Since my last blog post, I have been taking a look at the following few verses, again taken from Matthew’s gospel.  This is a very familiar story to most of us probably, and the verses may only be short, but when examined a bit more closely I believe they are quite profound.

Matthew 8: 1-3

1 When Jesus came down from the mountainside, large crowds followed him. A man with leprosy came and knelt before him and said, “Lord, if you are willing, you are able to make me clean.” 2 Jesus reached out his hand and touched the man. “I am willing,” he said. “Be clean!” 3 Immediately he was cleansed of his leprosy.

The chapter begins as Jesus came down from the mountainside.  It was here that he had been boldly declaring to the large crowds of people that God's kingdom was now among them.  He had spent much time teaching them not only what it meant to be a disciple but how to fully enter into the life of this new kingdom.

But now here is Jesus, coming down into these small villages and towns around the Sea of Galilee and beginning to enter into the day-to-day life of the people there. He was now about to bring God’s kingdom in not just with words, but in his actions too and I think it is quite significant that the very first story Matthew records for us is about a man with a skin disease.  

Leprosy is discussed quite often in the Bible and whilst its definition in modern times is different from biblical times, there is no doubt that this was a terrible skin condition.

Matthew tells us that this man knelt in front of Jesus and spoke very specifically to him, “Lord if you are willing, you are able to make me clean”.   Most of us on a first reading may have heard him say, “Lord if you are able, will you make me clean?”, but this was not what he said.  He knew Jesus was totally capable.  He was absolutely convinced that Jesus could help him, but what he wasn’t quite so sure about was if he was willing to help such as him.  This is a very simple observation, but quite a remarkable one.  The man knows Jesus is powerful but what he’s not sure about is the willingness of Jesus to help him.  What the man with leprosy essentially doubted was his own worthiness.  Here was a man who had probably been banished from family and neighbours and shunned by society because of the way he looked.  

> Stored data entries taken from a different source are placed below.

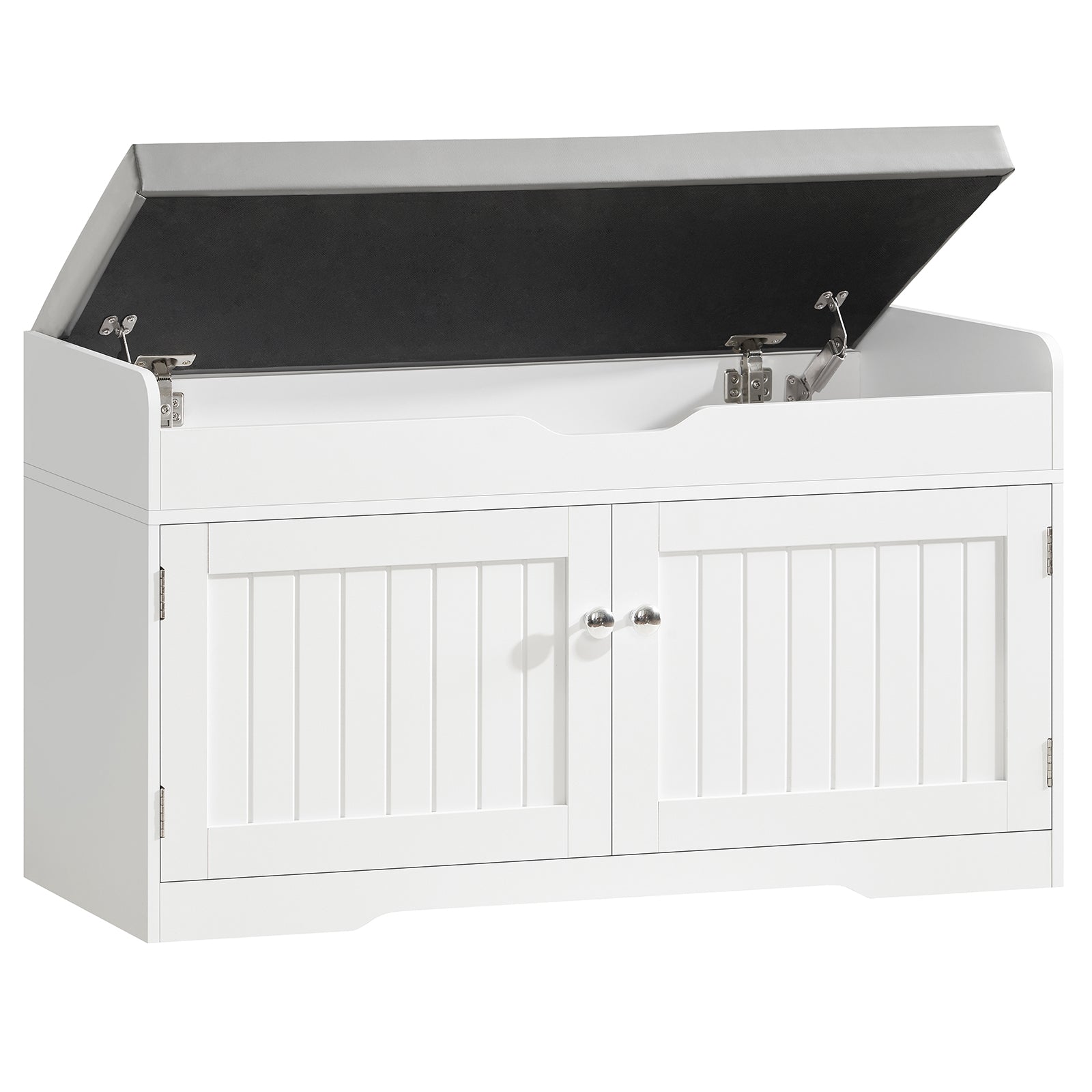 TEENFON 2-Tier Storage Bench, Shoe Bench with Adjustable Shelf & Lift Top Storage, Entryway Bench with Cushioned Seat,13.8"D x 36.2"W x 19.7"H, Shoe Organizer for Entryway, Living Room, Bedroom, White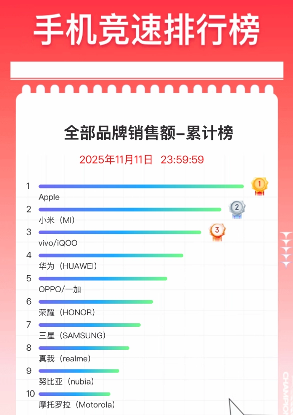 到11月11日23点59分59秒为止,苹果、小米、vivo在销量榜上占据了前三名的位置,这和大家之前预想的情况是一致的。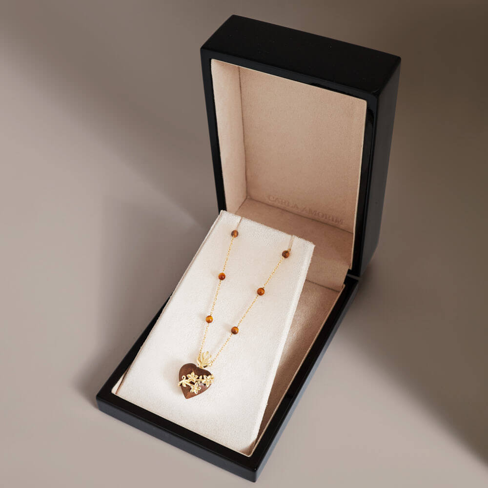 O Colar Água Benta de São José nasce da inspiração no santo conhecido por sua proteção silenciosa e pela força que cuida. A peça combina ouro 18k, olho de tigre e madeira revitalizada da Fundação Almerinda Malaquias, criando um contraste elegante entre natureza e sofisticação. As flores de lírio fazem referência à pureza associada a São José, enquanto o compartimento para água benta, assinatura da Carla Amorim, adiciona um toque íntimo e espiritual. É uma joia que une fé, design e propósito, pensada para quem busca beleza com história.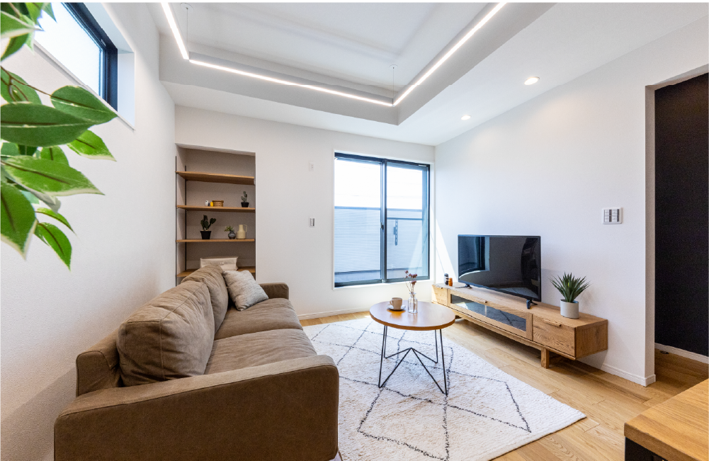 家族との大切な時間を過ごす場所として、LDKにもこだわりを詰め込みました。陽当りが良く風通しのいい2階リビングは、家族が自然と集まるくつろぎの場に仕上がりました。天井高2.8mの折り上げ天井は、立体感と開放感を演出し、スタイリッシュな雰囲気に。天井部分には、光のラインを描くようなシンプルで美しい照明を取り入れ、明るく落ち着きのある空間となっています。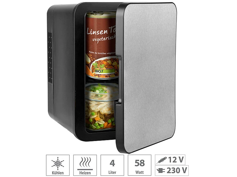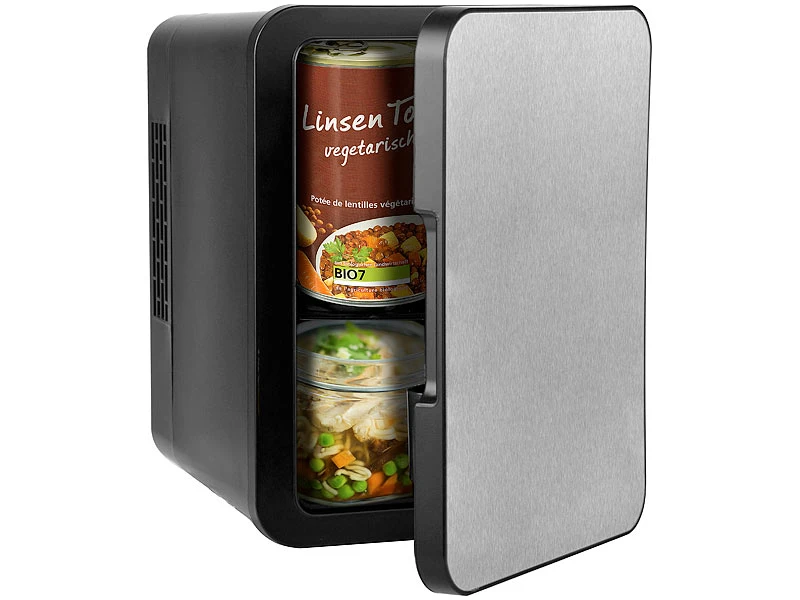 Hochwertiger Look und kompakt: Mit 4 Litern Stauraum finden bis zu 4 Getränkedosen und Snacks Platz. Dazu verleiht die Edelstahlfront dem Mini-Kühler ein cooles, hochwertiges Aussehen.

But Jesus showed him great compassion, said he was willing, put out his hand and touched him.

I think we could easily miss the significance of this moment.  The man had a skin disease, he would have looked awful, people would have thought he was contagious.  When would have been the last time someone had touched him? Possibly many years.  We know that when humans are deprived of touch from other humans it can be psychologically quite damaging.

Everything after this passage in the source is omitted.